Please or to access all these features

Mental health

Mumsnet hasn't checked the qualifications of anyone posting here. If you have medical concerns, please seek medical attention.

See all MNHQ comments on this thread

Anyone with health anxiety!!?

16 replies

Kate8989 · 20/04/2018 20:54

Always assume I have the worst form of things. I think I do it as a form of “preparation” incase bad things happen but it’s not helpful...
Anyone else the same!? I’m having a lap on Thursday and expecting the worse (thanks to Dr Google!) x

OP posts:
Bubblegum89 · 20/04/2018 21:26

I have health anxiety. It’s horrible. Although a lap is perfectly safe so you’ll be fine

Kate8989 · 20/04/2018 21:29

Thank you... im sat here thinking of the procedure and what they’ll do to me whilst I’m asleep. I’m really freaking out... but I also really want it done as I’m in pain everyday x

OP posts:
Bubblegum89 · 20/04/2018 21:31

I’ve been put to sleep before, it wasn’t bad at all. It will be worse in the long run to have the pain and worrying it’s something awful!
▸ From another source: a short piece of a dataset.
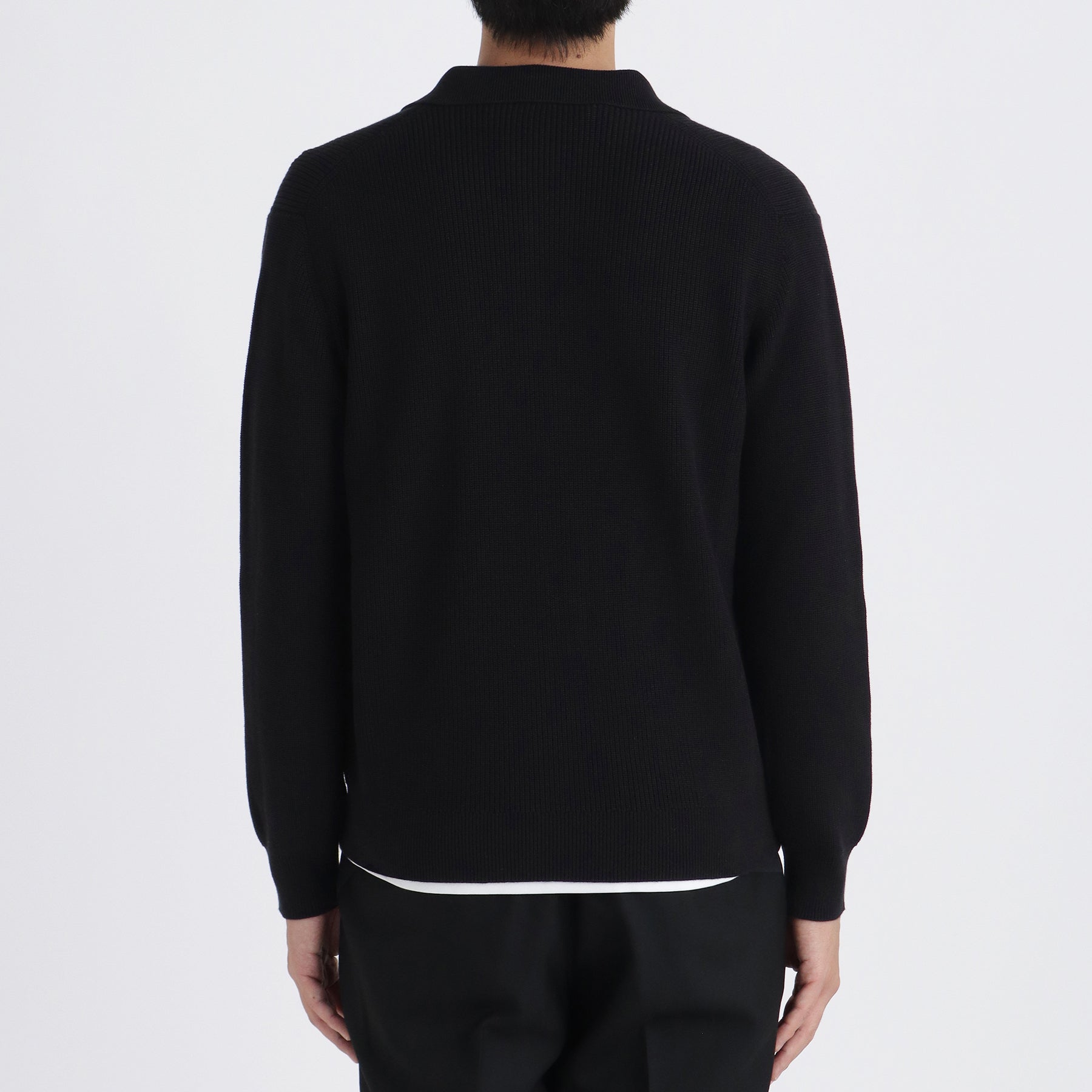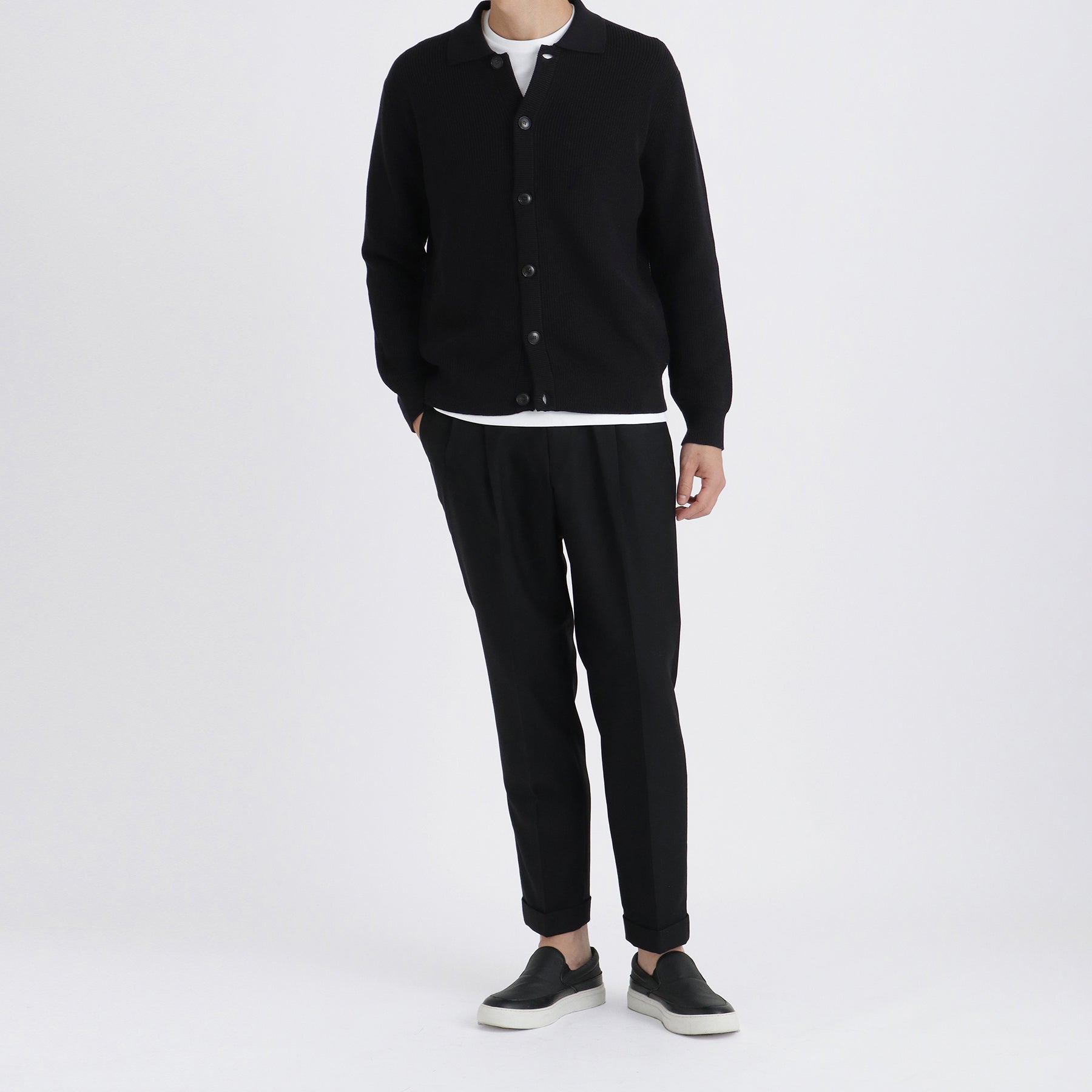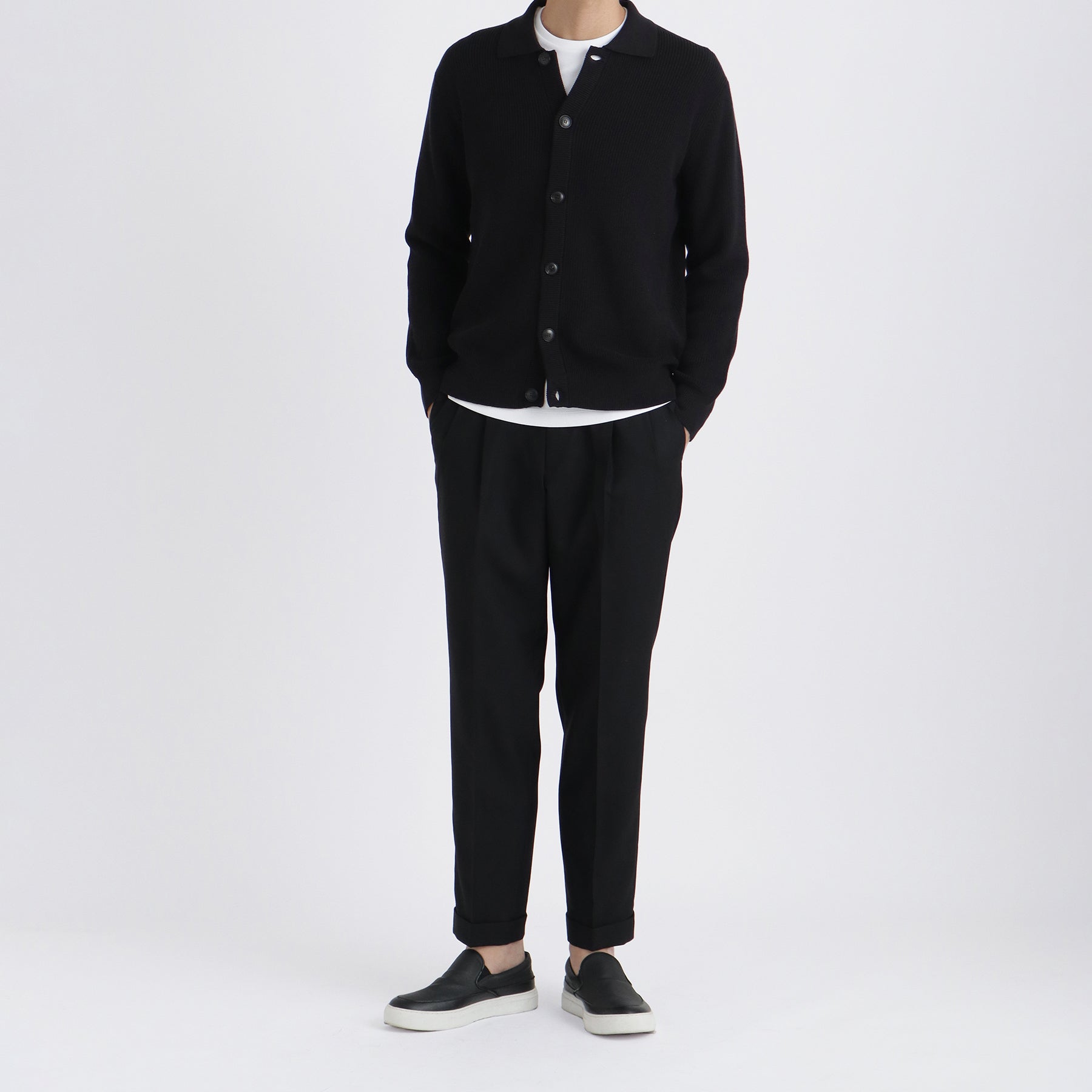 昨シーズン販売開始したスビンプラチナムニットの 新ライン、ミドルゲージコレクション。繊細でなめらかなタッチが人気のスビンプラチナムをミドルゲージ編み機でこれまでにない表面感に作りあげました。アウターとしてもコートなどのインナーとしても着用できる汎用性の高いエリ付きニットカーディガンです。

Kate8989 · 20/04/2018 21:42

May I ask what you were put to sleep for?! That’s what I’m most scared about... never had a general before. I’m proud for making the decision to have the lap as I know a lot of people wouldn’t but I can’t live with this pain anymore x

OP posts:
physicskate · 21/04/2018 09:10

I've had general twice. I was probably anxious about the anaesthesia for the first, fat more anxious about them fixing the problem for the second.

The first was for getting all four wisdom teeth removed and the second I had to wait six months to get a bone tumour in my hand removed. I was worried it was cancerous (because of googling my symptoms and preliminary diagnosis).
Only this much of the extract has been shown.